» **Source data**:
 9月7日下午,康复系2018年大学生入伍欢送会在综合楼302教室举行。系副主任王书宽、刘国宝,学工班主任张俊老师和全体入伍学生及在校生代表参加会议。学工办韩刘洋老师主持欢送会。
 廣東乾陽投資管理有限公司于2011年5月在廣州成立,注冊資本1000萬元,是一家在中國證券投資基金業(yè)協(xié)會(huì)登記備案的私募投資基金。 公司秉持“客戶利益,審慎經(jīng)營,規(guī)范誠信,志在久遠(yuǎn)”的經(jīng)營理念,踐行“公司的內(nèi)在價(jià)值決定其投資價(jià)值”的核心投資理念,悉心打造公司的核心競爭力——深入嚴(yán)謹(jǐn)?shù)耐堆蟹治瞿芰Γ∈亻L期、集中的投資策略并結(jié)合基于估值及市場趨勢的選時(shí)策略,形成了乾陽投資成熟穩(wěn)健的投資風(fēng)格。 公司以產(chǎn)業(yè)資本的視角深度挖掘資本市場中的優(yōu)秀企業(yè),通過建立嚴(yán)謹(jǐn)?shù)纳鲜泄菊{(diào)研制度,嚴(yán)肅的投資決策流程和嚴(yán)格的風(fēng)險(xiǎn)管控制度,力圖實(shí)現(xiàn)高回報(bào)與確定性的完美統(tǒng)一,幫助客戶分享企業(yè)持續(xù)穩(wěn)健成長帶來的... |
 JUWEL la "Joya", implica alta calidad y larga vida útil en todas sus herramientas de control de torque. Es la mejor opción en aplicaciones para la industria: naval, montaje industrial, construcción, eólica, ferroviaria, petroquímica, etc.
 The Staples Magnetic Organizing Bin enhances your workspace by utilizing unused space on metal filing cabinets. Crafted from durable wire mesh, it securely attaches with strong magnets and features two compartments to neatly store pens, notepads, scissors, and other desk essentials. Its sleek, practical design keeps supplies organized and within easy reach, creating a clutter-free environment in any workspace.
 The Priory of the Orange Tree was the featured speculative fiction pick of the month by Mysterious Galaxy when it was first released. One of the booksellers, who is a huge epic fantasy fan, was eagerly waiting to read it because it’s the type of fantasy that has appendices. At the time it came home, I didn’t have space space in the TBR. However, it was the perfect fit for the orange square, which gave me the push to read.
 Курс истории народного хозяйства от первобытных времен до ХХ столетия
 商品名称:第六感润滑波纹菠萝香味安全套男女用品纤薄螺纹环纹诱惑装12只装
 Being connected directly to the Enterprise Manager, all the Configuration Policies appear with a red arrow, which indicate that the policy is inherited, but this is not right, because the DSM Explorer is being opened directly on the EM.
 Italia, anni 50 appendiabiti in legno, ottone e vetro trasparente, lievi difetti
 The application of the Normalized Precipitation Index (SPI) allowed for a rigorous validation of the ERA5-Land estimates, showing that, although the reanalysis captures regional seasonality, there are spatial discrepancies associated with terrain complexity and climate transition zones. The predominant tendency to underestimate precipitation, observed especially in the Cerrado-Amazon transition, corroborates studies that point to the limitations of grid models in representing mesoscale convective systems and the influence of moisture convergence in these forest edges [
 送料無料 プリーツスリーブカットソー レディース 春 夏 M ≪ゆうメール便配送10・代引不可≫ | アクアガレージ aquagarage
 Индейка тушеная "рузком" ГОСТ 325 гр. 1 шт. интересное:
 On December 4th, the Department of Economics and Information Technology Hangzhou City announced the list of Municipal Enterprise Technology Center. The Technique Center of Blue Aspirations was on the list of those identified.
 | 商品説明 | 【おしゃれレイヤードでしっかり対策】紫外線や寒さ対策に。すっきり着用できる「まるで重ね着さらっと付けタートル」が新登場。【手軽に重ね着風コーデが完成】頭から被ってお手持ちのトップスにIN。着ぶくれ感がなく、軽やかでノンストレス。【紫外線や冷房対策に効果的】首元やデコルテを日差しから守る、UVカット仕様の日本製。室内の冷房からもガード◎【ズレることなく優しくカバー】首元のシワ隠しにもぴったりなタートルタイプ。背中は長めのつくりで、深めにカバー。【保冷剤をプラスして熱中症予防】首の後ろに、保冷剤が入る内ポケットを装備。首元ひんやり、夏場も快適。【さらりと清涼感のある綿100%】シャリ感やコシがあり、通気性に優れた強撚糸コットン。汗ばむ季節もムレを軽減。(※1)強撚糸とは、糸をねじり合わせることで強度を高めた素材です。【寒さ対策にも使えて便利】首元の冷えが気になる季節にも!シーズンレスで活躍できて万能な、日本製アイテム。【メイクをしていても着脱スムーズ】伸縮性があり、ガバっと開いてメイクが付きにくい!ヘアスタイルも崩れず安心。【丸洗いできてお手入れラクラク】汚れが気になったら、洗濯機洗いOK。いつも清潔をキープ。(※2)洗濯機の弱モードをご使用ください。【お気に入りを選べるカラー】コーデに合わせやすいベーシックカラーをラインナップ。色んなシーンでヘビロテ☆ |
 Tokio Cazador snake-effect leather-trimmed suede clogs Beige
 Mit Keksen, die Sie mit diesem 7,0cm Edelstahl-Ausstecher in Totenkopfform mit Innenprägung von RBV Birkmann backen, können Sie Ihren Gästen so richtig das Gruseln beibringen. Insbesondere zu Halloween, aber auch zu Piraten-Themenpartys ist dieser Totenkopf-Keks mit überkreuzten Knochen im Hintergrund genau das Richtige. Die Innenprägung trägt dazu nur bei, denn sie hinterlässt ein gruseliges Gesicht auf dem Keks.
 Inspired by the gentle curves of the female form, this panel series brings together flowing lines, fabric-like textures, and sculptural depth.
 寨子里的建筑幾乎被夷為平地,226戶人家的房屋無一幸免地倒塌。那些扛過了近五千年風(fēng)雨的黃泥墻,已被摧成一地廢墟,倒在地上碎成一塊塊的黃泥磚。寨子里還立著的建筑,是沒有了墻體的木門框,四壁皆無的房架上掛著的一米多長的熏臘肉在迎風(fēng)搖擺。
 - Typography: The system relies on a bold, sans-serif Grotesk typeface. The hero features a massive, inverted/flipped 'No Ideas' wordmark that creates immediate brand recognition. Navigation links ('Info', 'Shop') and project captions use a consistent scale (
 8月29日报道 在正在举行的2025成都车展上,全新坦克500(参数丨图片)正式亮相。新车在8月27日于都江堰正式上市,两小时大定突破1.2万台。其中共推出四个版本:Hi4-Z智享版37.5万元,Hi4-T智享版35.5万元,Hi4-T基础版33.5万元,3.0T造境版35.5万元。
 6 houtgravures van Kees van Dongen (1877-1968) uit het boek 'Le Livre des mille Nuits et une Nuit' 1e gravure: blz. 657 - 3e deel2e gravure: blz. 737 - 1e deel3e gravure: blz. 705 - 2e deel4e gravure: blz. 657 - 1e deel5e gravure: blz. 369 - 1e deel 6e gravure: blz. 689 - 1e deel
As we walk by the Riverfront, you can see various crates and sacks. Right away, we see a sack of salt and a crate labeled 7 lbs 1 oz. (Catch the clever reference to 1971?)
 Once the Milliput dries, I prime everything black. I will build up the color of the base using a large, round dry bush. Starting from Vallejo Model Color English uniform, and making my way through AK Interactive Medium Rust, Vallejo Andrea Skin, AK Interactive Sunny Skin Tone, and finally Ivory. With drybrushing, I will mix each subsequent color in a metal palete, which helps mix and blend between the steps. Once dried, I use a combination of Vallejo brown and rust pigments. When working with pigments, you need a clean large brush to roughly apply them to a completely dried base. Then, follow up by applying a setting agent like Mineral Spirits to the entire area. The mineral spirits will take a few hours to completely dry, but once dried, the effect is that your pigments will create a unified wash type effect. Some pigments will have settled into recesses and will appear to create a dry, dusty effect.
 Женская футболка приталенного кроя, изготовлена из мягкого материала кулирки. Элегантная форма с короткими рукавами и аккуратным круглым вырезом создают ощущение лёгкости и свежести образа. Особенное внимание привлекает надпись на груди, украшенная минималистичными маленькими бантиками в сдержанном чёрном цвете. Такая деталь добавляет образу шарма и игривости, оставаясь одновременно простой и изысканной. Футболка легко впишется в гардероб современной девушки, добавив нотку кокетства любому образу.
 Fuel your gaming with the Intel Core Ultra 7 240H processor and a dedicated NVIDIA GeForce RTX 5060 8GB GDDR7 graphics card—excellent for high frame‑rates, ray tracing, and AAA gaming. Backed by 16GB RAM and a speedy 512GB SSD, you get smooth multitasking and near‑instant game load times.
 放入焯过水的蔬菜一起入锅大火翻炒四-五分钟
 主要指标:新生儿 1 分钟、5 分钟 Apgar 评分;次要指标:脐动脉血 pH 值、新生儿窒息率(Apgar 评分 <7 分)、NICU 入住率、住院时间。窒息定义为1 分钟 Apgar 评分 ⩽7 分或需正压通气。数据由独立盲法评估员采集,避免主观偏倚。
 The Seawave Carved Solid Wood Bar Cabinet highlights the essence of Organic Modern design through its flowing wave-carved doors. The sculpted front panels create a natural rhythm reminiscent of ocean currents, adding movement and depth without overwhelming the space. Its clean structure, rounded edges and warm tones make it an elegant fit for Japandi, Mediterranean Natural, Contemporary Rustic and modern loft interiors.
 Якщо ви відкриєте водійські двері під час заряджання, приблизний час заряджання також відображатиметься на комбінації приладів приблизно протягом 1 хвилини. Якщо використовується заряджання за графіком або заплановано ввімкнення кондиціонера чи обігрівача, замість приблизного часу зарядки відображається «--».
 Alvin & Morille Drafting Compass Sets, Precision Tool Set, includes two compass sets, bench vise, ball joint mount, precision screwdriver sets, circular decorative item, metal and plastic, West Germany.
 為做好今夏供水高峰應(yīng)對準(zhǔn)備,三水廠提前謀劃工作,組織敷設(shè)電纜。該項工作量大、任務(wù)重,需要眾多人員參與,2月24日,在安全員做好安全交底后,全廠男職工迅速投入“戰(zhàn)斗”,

» **Task item**: Output exactly one stretch of the listing: from the line containing "- Typography: The" through the line containing "As we walk by", both end lines included.

» **Answer box**:
 - Typography: The system relies on a bold, sans-serif Grotesk typeface. The hero features a massive, inverted/flipped 'No Ideas' wordmark that creates immediate brand recognition. Navigation links ('Info', 'Shop') and project captions use a consistent scale (
 8月29日报道 在正在举行的2025成都车展上,全新坦克500(参数丨图片)正式亮相。新车在8月27日于都江堰正式上市,两小时大定突破1.2万台。其中共推出四个版本:Hi4-Z智享版37.5万元,Hi4-T智享版35.5万元,Hi4-T基础版33.5万元,3.0T造境版35.5万元。
 6 houtgravures van Kees van Dongen (1877-1968) uit het boek 'Le Livre des mille Nuits et une Nuit' 1e gravure: blz. 657 - 3e deel2e gravure: blz. 737 - 1e deel3e gravure: blz. 705 - 2e deel4e gravure: blz. 657 - 1e deel5e gravure: blz. 369 - 1e deel 6e gravure: blz. 689 - 1e deel
As we walk by the Riverfront, you can see various crates and sacks. Right away, we see a sack of salt and a crate labeled 7 lbs 1 oz. (Catch the clever reference to 1971?)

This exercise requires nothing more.